Para que los parentescos no biológicos tengan el mismo reconocimiento ante la ley que cualquier lazo de sangre, es imprescindible una revolución en el armado del Estado y de la vida social. Tener menos hijos pero aumentar la cantidad de parientes supone incrementar los vínculos, las formas de componer las familias, pero no las personas. Aquí habría que preguntarse qué consecuencias y qué tipo de mundo será aquel que tenga más ancianos que niños.
Si bien es verdad que la crianza y las tareas de cuidado necesitan de muchas personas de distintos géneros para ser realizadas, guiar la decisión de tener hijos y los modos de conformar una familia es una estrategia que puede llevar a una intromisión total del Estado en aquellos espacios donde muchas personas han logrado conquistar una autonomía.

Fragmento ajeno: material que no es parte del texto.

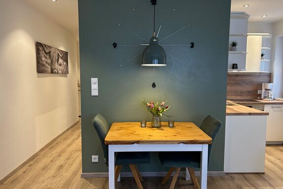 Die liebevolle Einrichtung schafft eine warme Atmosphäre, die zum Entspannen einlädt. Hier finden Sie nicht nur einen Rückzugsort, sondern auch einen Ort, an dem Erinnerungen entstehen. Der großzügige Balkon im Südwesten, der sich um die Ecke erstreckt, lädt dazu ein, die Seele baumeln zu lassen. Hier können Sie entspannt verweilen und die warmen Sonnenstrahlen genießen.

No siempre esta manera de pensar implica una mayor democracia colectiva, como tampoco la familia es en todos los casos una zona de opresión. Puede ser el único lugar de amparo, el único espacio donde las personas se sienten elegidas y amadas.
Adele Clarke. Foto: gentileza.Se trata de medidas que se presentan como escenarios de mayor libertad e igualdad en su afán de socializar los vínculos, pero que pueden traer un mayor nivel de control.
Imaginar una subjetividad nueva, un mundo donde, como dice Kim TallBear, “el amor y las relaciones no se consideren objetos escasos que hay que defender”, habla de un ejercicio intelectual que es interesante abordar y discutir, pero que toma como referencias otras épocas, experiencias más arcaicas que van a adquirir necesariamente un sentido diferente en las sociedades actuales.
Generar parentesco, no población. Debates feministas sobre natalismo, VV.AA. (Rara Avis).